2. The method for recognizing the occlusion expression by combining the double dictionaries and the error matrix according to claim 1, wherein the step S4 specifically comprises the following steps:

s4.1: a classification method model based on double dictionaries and error collaborative representation is constructed as follows:

s.t.y＝Ax ₁ +Bx ₂ +e

wherein e represents as follows: e = e _a +e _b +e _s X in the formula ₁ Sparse coefficient vector, x, of dictionary A ₂ Sparse coefficient vectors for dictionary B, dictionary A representing dictionary of expressive features, dictionary B representing dictionary of identity features, e _a Error representing the reconstructed expressive features, e _b Error representing the identity of the reconstruction, e _s Representing errors due to occlusion; λ, η, β all represent weight coefficients, which can be adjusted; y represents a test sample;

s4.2: and solving and optimizing the classification method model based on the double dictionaries and the error co-expression by using non-precise Lagrangian, wherein the optimization function is as follows:

phi in the formula is a vector of Lagrange multiplication, and xi is a penalty parameter;

obtaining the coefficient and noise information of the test expression image through an optimization function, and removing the part irrelevant to the expression by reconstructing the information of the identity part and the shielding part of the test image to reduce the redundant part of data;

dy＝y-Bx ₂ -e

dy in the formula represents the clean expression characteristic of the test picture, bx ₂ Representing the reconstructed identity information, and e representing noise information and also including error information caused by shielding;

s4.3: calculating a class label of the test sample, and judging the class of the test sample, wherein the formula is as follows:

where i represents a category, i ∈ (1,c); x is the number of ₁ Sparse coefficient vector of dictionary A; identity (y) outputs a label of the test specimen; δ (i) is a matrix in which the ith element is 1 and the rest are 0;

s4.4: classifying the sample pictures according to the calculated class labels, and calculating the recognition rate of the test set according to the classification result.

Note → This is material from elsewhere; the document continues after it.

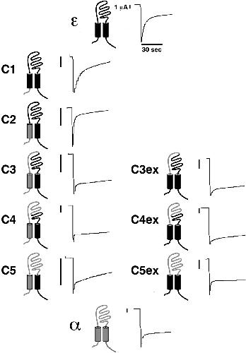 The epithelial Na+ channel (ENaC) is the apical entry pathway for Na+ in many Na+-reabsorbing epithelia. ENaC is a heterotetrameric protein composed of homologous alpha, beta, and gamma subunits. Mutations in ENaC cause severe hypertension or salt wasting in humans; and consequently, ENaC activity is tightly controlled. According to the concept of Na+ self-inhibition, the extracellular Na+ ion itself can reduce ENaC activity. The molecular basis for Na+ self-inhibition is unknown. Here, we describe cloning of a new ENaC subunit from Xenopus laevis (epsilonxENaC). epsilonxENaC can replace alphaxENaC and formed functional, highly selective, amiloride-sensitive Na+ channels when coexpressed with betaxENaC and gammaxENaC. Channels containing epsilonxENaC showed strong inhibition by extracellular Na+. This Na+ self-inhibition was significantly slower than for alphaxENaC-containing channels. Using site-directed mutagenesis, we show that the proximal part of the large extracellular domain controls the speed of self-inhibition. This suggests that this region is involved in conformational changes during Na+ self-inhibition.

3. The method for recognizing the occlusion expressions by combining double dictionaries and error matrices as claimed in claim 1, wherein the databases are a CK + database and a KDEF database.

4. The method for recognizing the occlusion expression by combining the double dictionaries and the error matrix as claimed in claim 1, wherein 6 expression images are selected in the step S3.